We’re Elias and Pete, your hosts for a series of new conversations about certain lost voices of hope and vision, mostly from the mid-century, a time when “spiritual politics” was a more than live option.
We have just recorded an audio introduction to the podcast:
(The voice you hear at the beginning is that of our first featured lost prophet, Rabbi Abraham Joshua Heschel.)
It all began a few months ago when Pete, a millennial, wondered aloud why the public conversation of the last several decades has gradually become narrower and narrower, as if we had entered a kind of “ice age” in our thinking, starting somewhere around the early 1980s.

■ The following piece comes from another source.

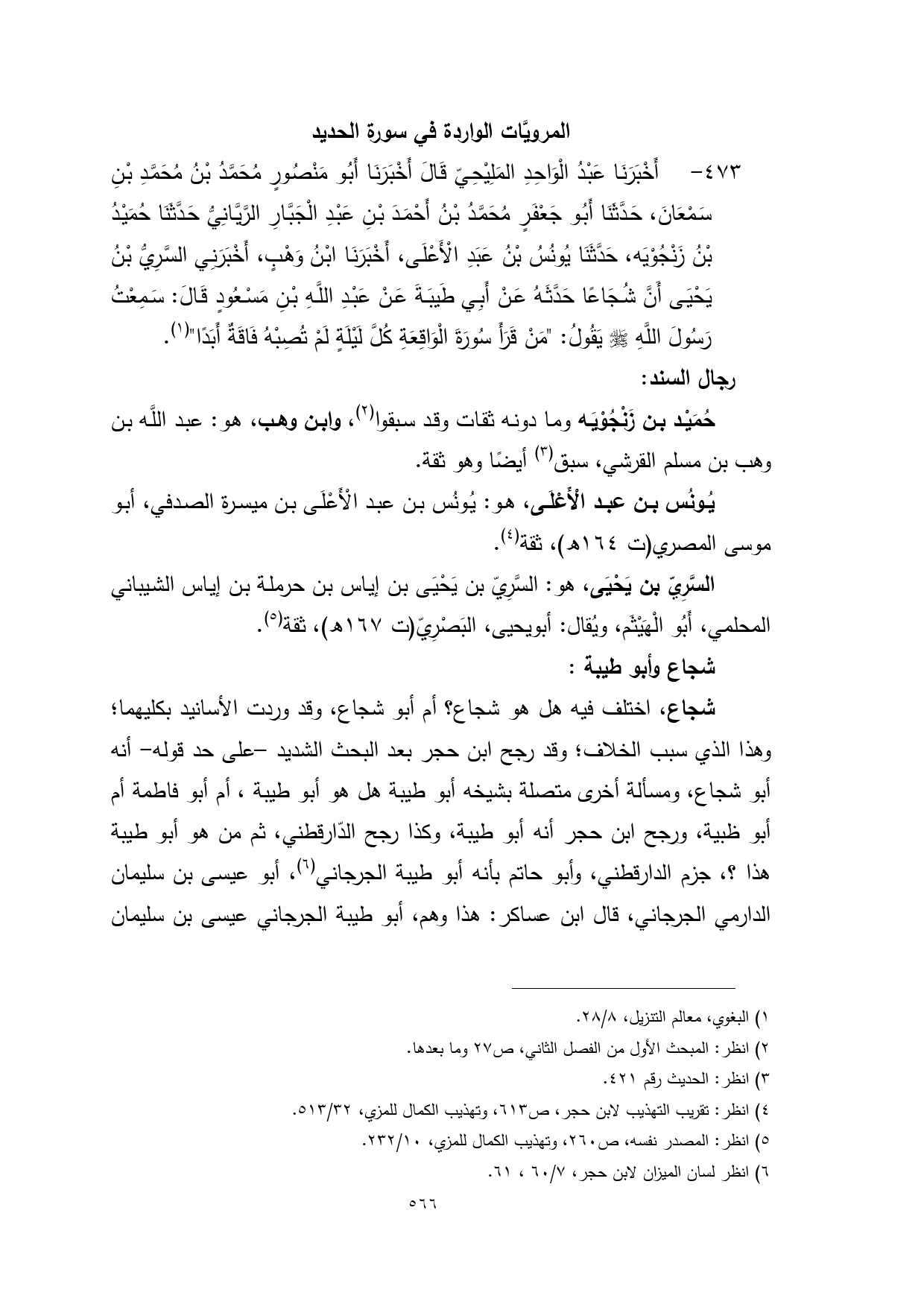 473 - أَخْبَرَنَا عَبْدُ الْوَاحِدِ المَلِيْحِيّ قَالَ أَخْبَرَنَا أَبُو مَنْصُورٍ مُحَمَّدُ بْنُ مُحَمَّدِ بْنِ سَمْعَانَ، حَدَّثَنَا أَبُو جَعْفَرٍ مُحَمَّدُ بْنُ أَحْمَدَ بْنِ عَبْدِ الْجَبَّارِ الرَّيَّانِيُّ حَدَّثَنَا حُمَيْدُ بْنُ زَنْجُوْيَه، حَدَّثَنَا يُونُسُ بْنُ عَبَدِ الْأَعْلَى، أَخْبَرَنَا ابْنُ وَهْبٍ، أَخْبَرَنِي السَّرِيُّ بْنُ يَحْيَى أَنَّ شُجَاعًا حَدَّثَهُ عَنْ أَبِي طَيبَةَ عَنْ عَبْدِ اللَّهِ بْنِ مَسْعُودٍ قَالَ: سَمِعْتُ رَسُولَ اللَّهِ - صلى الله عليه وسلم - يَقُولُ: "مَنْ قَرَأَ سُورَةَ الْوَاقِعَةِ كُلَّ لَيْلَةٍ لَمْ تُصِبْهُ فَاقَةٌ أَبَدًا" (¬1).

Elias, a boomer, agreed: somehow the technocratic, neoliberal orthodoxy of those years had successfully frozen out the kinds of big ideas and spiritual visions we once associated with names like Ivan Illich, Jane Jacobs, Abraham Joshua Heschel, Paul Goodman, Peter Maurin, Hannah Arendt, E.F. Schumacher, Simone Weil, Marshall McLuhan, Ella Baker. (Watch for episodes on all these figures and more over the coming episodes.)
As a bona fide member of the ‘60s generation who once hung out in Austin and Berkeley, Elias brings his own witness to this period which he remembers as a mix of public happiness and cataclysmic moments.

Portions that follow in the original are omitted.